Türkiye İstatistik Kurumu’nun (TÜİK) nüfusa ilişkin son verilerini yorumlayan Afyoncu, 40 ilde nüfusun azaldığına yönelik verilerle ilgili olarak, Cumhuriyet’in ilk yıllarından örnekler verip şöyle dedi:
“Cumhuriyet kurulduğu zaman Atatürk'ün en büyük amaçlarından biri Türkiye'nin nüfusunu artırmak. 13 milyona düşmüşüz. O dönemin gazetelerine baktığınızda örnekler veriliyor. İtalya örnek veriliyor. 6 çocuklu aileler teşvik ediliyor. Türkiye 1960'lara kadar bu politikayla geldi. 60'larda yanlış bir şey yaptılar. Doğum kontrol sistemi çıktı. Doğum kontrolü sistemiyle batıdaki Türk nüfusunu azalttılar. Bu çok yanlış bir şey oldu. Anadolu'nun batısında nüfus bitti. Ege, Marmara bölgelerinin nüfusu azaldı. İç Anadolu ve Karadeniz bir süre muhafaza etti”.
Türkiye’de doğurganlık hızının 1.51’e kadar düştüğünü hatırlatan Afyoncu; “İstanbul'da bu 1'e kadar iniyor.

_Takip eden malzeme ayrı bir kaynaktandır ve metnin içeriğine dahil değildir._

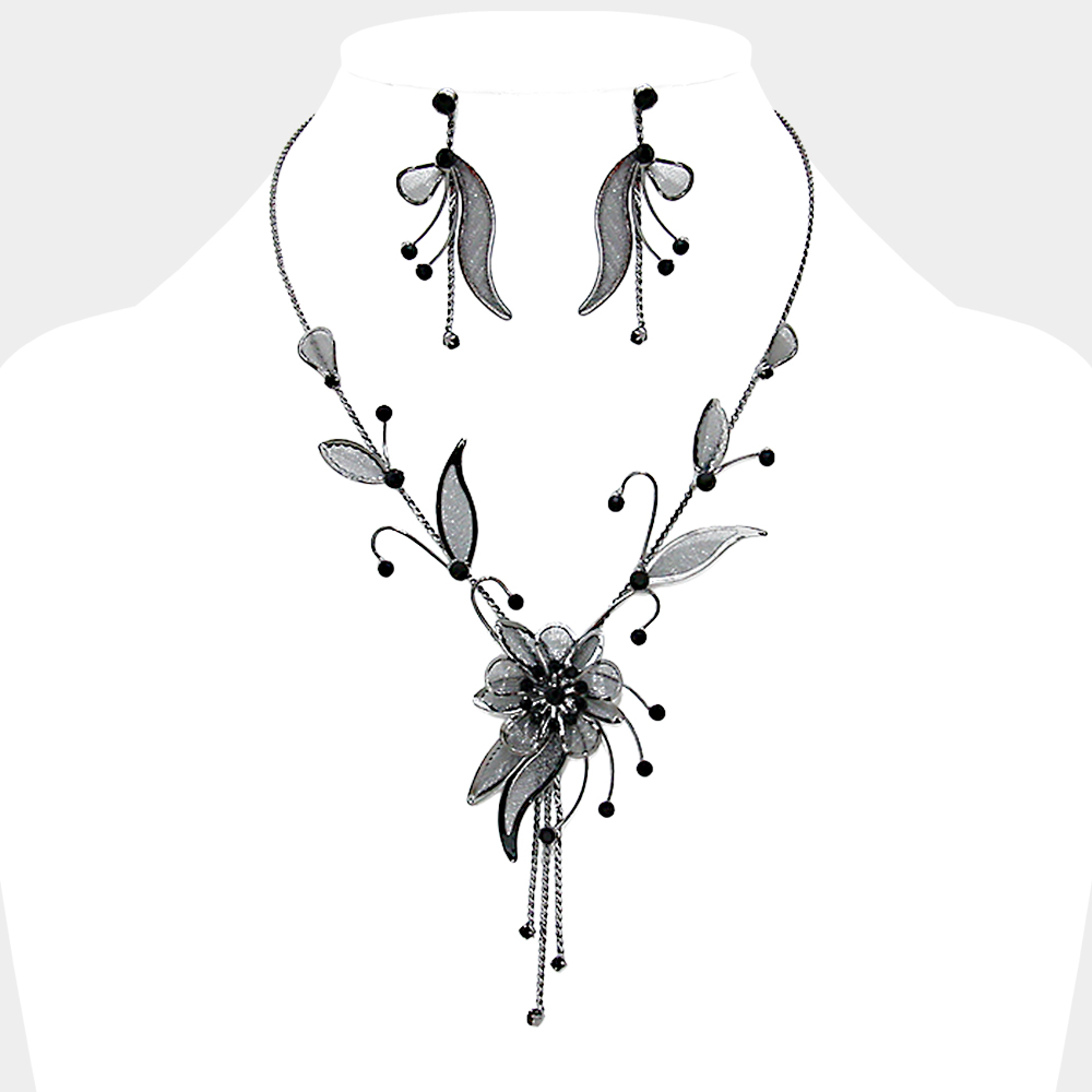 Flower Glittered Tropical Leaf Link Dangle Earrings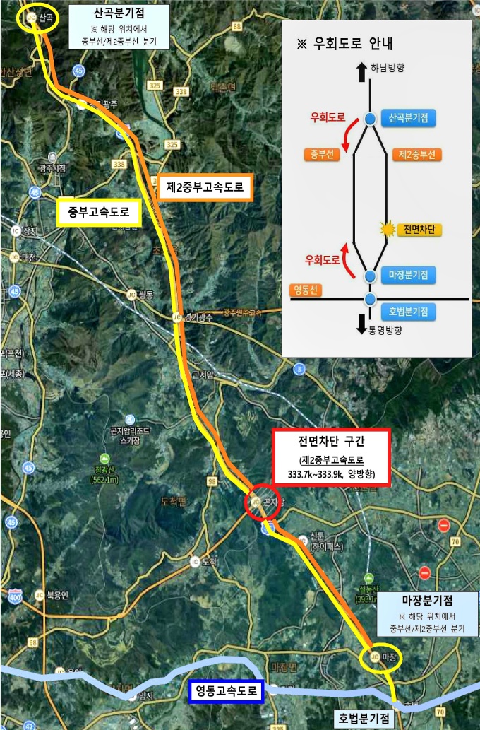 도공에 따르면 차단 시간은 18일 오전 10시부터 10시 10분, 오후 1시부터 1시 10분, 오후 3시부터 3시 10분으로 3차례 각 10분씩 전면 차단되며 교통 불편을 최소화하기 위해 중부고속도로(호법∼하남 구간)을 우회도로로 활용할 것을 운전자들에게 당부했다.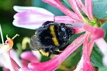 The bumblebee tongue (the proboscis) is a long, hairy structure that extends from a sheath-like modified maxilla. The primary action of the tongue is lapping, that is, repeated dipping of the tongue into liquid.[29] The tip of the tongue probably acts as a suction cup and during lapping, nectar may be drawn up the proboscis by capillary action. When at rest or flying, the proboscis is kept folded under the head. The longer the tongue, the deeper the bumblebee can probe into a flower and bees probably learn from experience which flower source is best-suited to their tongue length.[30] Bees with shorter proboscides, like Bombus bifarius, have a more difficult time foraging nectar relative to other bumblebees with longer proboscides; to overcome this disadvantage, B. bifarius workers were observed to lick the back of spurs on the nectar duct, which resulted in a small reward.[31]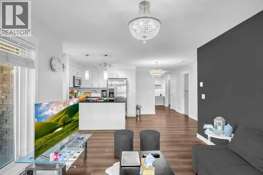 Nestled in the well-established community of Skyview Ranch, this spacious ground-level corner condo offers comfort, convenience, and contemporary living. Surrounded by parks, playgrounds, and schools, itâs an excellent choice for families, first-time buyers, or anyone looking for a peaceful place to call home. Step into a secure building with key fob and buzzer access and be welcomed by a spacious foyer with a convenient closet for storage. The open-concept layout includes an upgraded kitchen with stainless steel appliances, granite countertops, and full-height cabinetry. The dining area flows effortlessly into the bright and inviting living room, filled with natural light from large windows and a sliding glass door that opens to your private patio â perfect for relaxing or entertaining. The two bedrooms are thoughtfully placed on opposite sides of the unit for added privacy. The primary bedroom mirrored closets and a 4-piece ensuite bathroom. The second bedroom is generously sized and conveniently located next to the main 4-piece bathroom featuring a tub/shower combo. Enjoy the practicality of in-suite laundry discreetly tucked behind closed doors, along with modern light fixtures that add a stylish touch throughout the main living space.This unit also comes with one titled underground heated parking stall, keeping your vehicle protected year-round. With easy access to Stoney Trail, Deerfoot Trail, the airport, and all nearby amenities, this condo offers an ideal blend of modern comfort and everyday convenience. Book your showing today and see why this Skyview Ranch condo is a fantastic place to call home! (id:27476)

Bu çok kritik. Ben 2 yıldır şunu söylüyorum: Türkiye bir kabusa gidiyor. Doğurganlık hızının in az 2.0 olması lazım, nüfusun kendini yenilemesi için”.
Aynı zamanda tarihçi olan Prof. Afyoncu, nüfusun önemini tarihten bir örnek vererek şöyle anlattı: “Prut Savaşı'nda Rusları yendik. 1711'de Rusları yenerken bizim nüfusumuz 30 milyondu, Rusların nüfusu 16 milyondu. Osmanlı 140 bin asker çıkardı, Ruslar 60 bin asker çıkardı. 1877-78’de 93 Harbi dediğimiz büyük bozguna gelince Ruslar 100 milyona ulaşmıştı, Osmanlı 26 milyondu. Ruslar 800 bin kişilik asker çıkardılar, biz 300 bin. 1. Dünya Savaşı'na geldiğimizde Rusya 175 milyona ulaştı, biz 22 milyonduk. Ruslar 11 milyonluk asker çıkardı, biz 2 milyon 800 bin. Rusya'nın işgal ettiği yerlerden dolayı nüfusu arttı. Sanayii inkılabından dolayı çocuk ölümlerini azalttılar”.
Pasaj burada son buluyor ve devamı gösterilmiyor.